Murillo, it seems, has studied both cases closely, for she is not repeating their mistakes. On the contrary, her strategy has been surgically effective, to the horror of her enemies, especially those inside the regime’s entrails.

That strategy has crystallized in three recent events. First, the creation of a “co-presidency” in the Constitution itself, bestowing maximum institutional power on her and formally naming her the dictator’s successor. Second, the total capture of the party leadership and the sidelining—or even jailing—of anyone not absolutely loyal to her. This reached its apex with the arrest and subsequent death, as a political prisoner, of retired General Humberto Ortega, founder of the National Army and the dictator’s brother. Third, on May 7, 2025, she compelled the Army’s generals to swear loyalty to the co-presidency in a formal ceremony, thus “sealing” the armed forces’ endorsement of her role as heir apparent.

Yet a fissure in the plan is developing: Daniel Ortega’s mounting absences feed speculation. Rumors of his failing health—even his imminent death—leave her less well-positioned in the succession race. Her ideal scenario is an Ortega who is alive but diminished, allowing her to rule while buying time to lock down her succession. Hence, on May 24, 2025, after a flurry of rumors about Ortega’s condition, she reached for her old standby: “display the mummy,” like a totem, just as Madame Mao had done with Mao Zedong and Grace Mugabe with Robert Mugabe. We saw a visibly ravaged Ortega—rambling, gaunt—handing out buses in a supposed triumphal gesture after being absent for one of Sandinismo’s most sacred dates: the birthday of Augusto C. Sandino himself.
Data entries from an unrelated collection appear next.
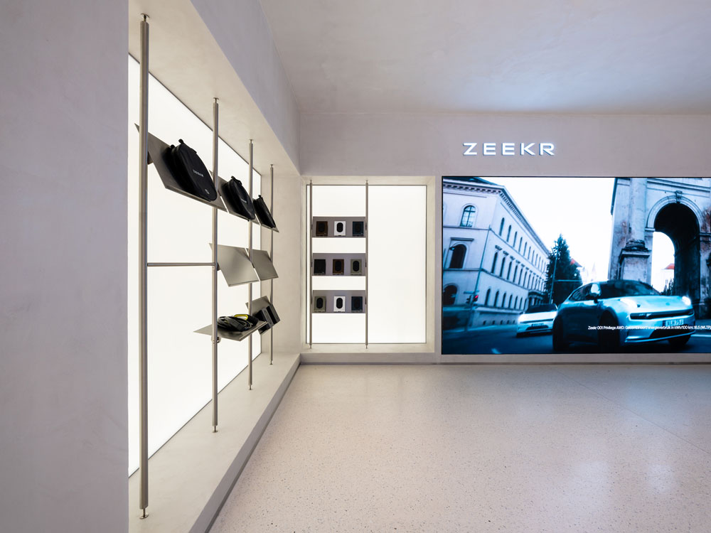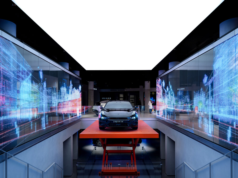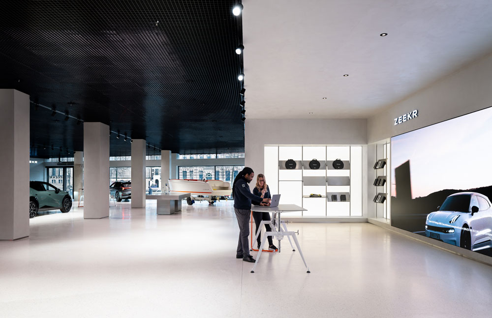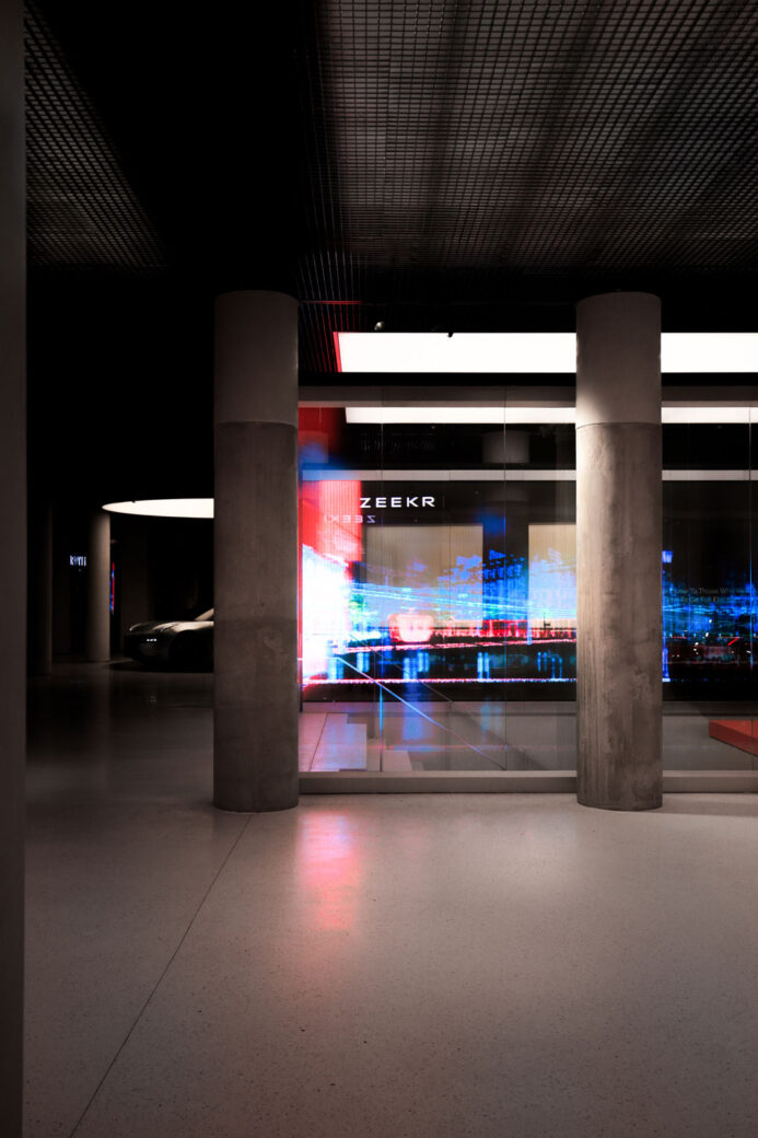 Repurposing a former department store in Amsterdam, creative studio Unknown Works unveils a digital-led concept store for electric vehicle brand Zeekr.
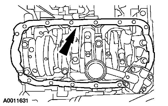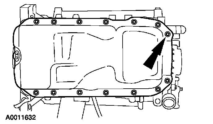 ^ Tighten the oil pan bolts to 12 Nm (9 ft. lbs.) in the sequence shown.
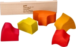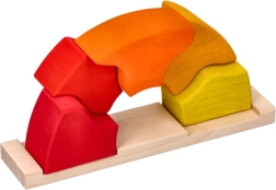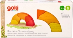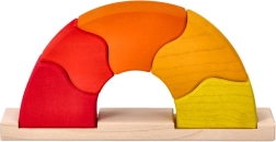 Dřevěná skládačka Východ slunce od značky GOKI nabízí dětem i rodičům radost z objevování. Barevné oblouky v odstínech žluté, oranžové a červené se skládají na dřevěnou základnu, kde vybízejí k experimentování, stavění a volné tvůrčí hře. Hračka přirozeně rozvíjí koordinaci oko–ruka, trpělivost a základní principy rovnováhy.
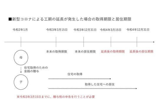 ただ、新型コロナの影響で工期が延長され、期限内の取得・居住が難しくなった場合は、取得期限が令和4年3月15日、居住期限が令和4年12月31日となります。
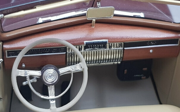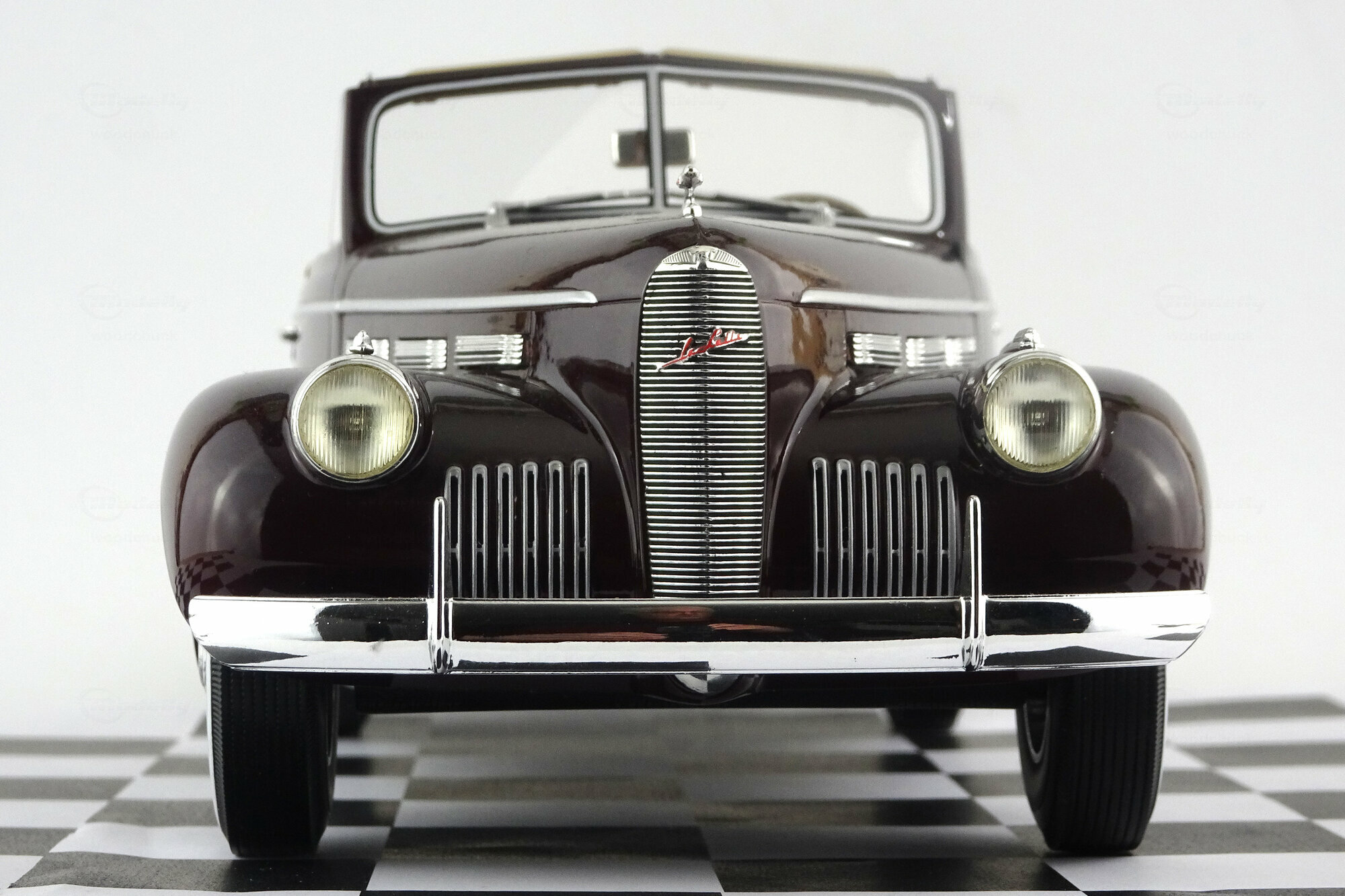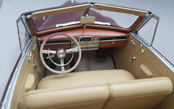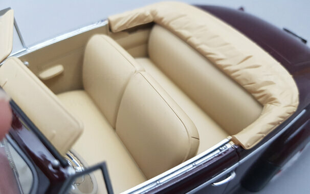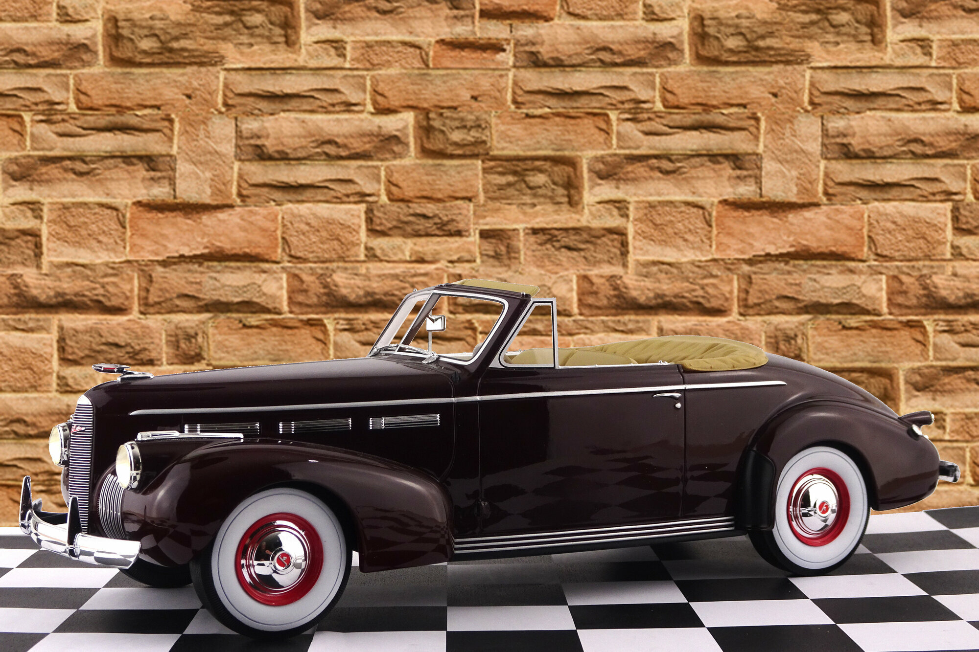 Das Modell des Series 50 Convertible Coupé von 1940 erschien bei BoS Models im Juli 2017 als Resin-Modell. Die Linienführung des Modells ist in der schön verarbeiteten Karosserie gut wiedergegeben und die rotbraune Lackierung entspricht einem der überlebenden Originale. Die äußeren Applikationen sind bis hin zu den Schriftzügen gut detailliert und sauber ausgeführt. Wie beim Original wurde auf Außenspiegel verzichtet. Der Innenraum ist wirklich gut gelungen. Ein Armaturenbrett mit Holzoptik und allen Details, ein filigranes Lenkrad, Sonnenblenden und die Cadillac Heizung im Beifahrer Fußraum sind die Highlights. Auch die Sitze und Türverkleidungen sind gut modelliert und mit Details ausgestattet. Der Maßstab wird, soweit man das an den wenigen verfügbaren Daten sagen kann, sehr gut eingehalten. Der Preis von knapp 120 € ist durchaus angemessen, zumal es sich auch um ein limitiertes Modell handelt.
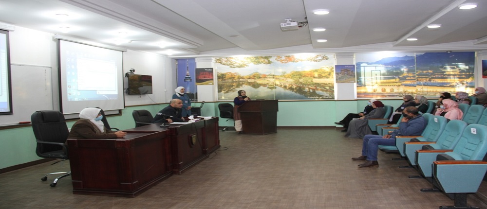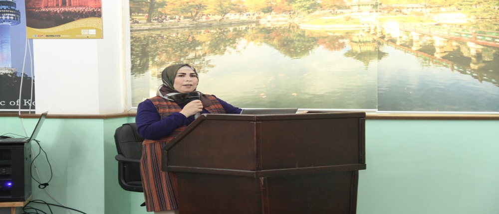 بدورها استعرضت المهندسة ماجدة الحديدي في محاضرتها لأهم المخاطر المحتمله عند التعامل مع المواد الكيميائية نتيجة عدم توفر بيئة عمل سليمة او الاداء الغير صحيح والسليم مع المواد ،كما واستعرضت ايضا اهم انواع الحوادث والإصابات المتوقعة والإسعافات الاولية عند حدوث حادثة في المختبر .

Her strategy, however, is not foolproof. It has a glaring weakness: the majority of the population, the party rank and file, state functionaries, and probably even the military brass despise her. They also reject her attempt to anoint her son, Laureano Ortega, as heir. Within Sandinista circles, Laureano is regarded as a crown prince who lacks the necessary mettle—an upstart without gravitas or character who, despite being groomed inside the dictatorship, has convinced no one. The Army shows scant enthusiasm for a commander-in- chief whose first dream was to become an opera singer.

Relentless purges and widespread popular hatred suggest that many are lying in wait for a chance to betray her and steer the nation toward a different exit during the inevitable turbulence of succession. Murillo, better than anyone, knows that countless people are sharpening their knives, ready to strike at the first opening Ortega’s death might provide—and so she acts accordingly.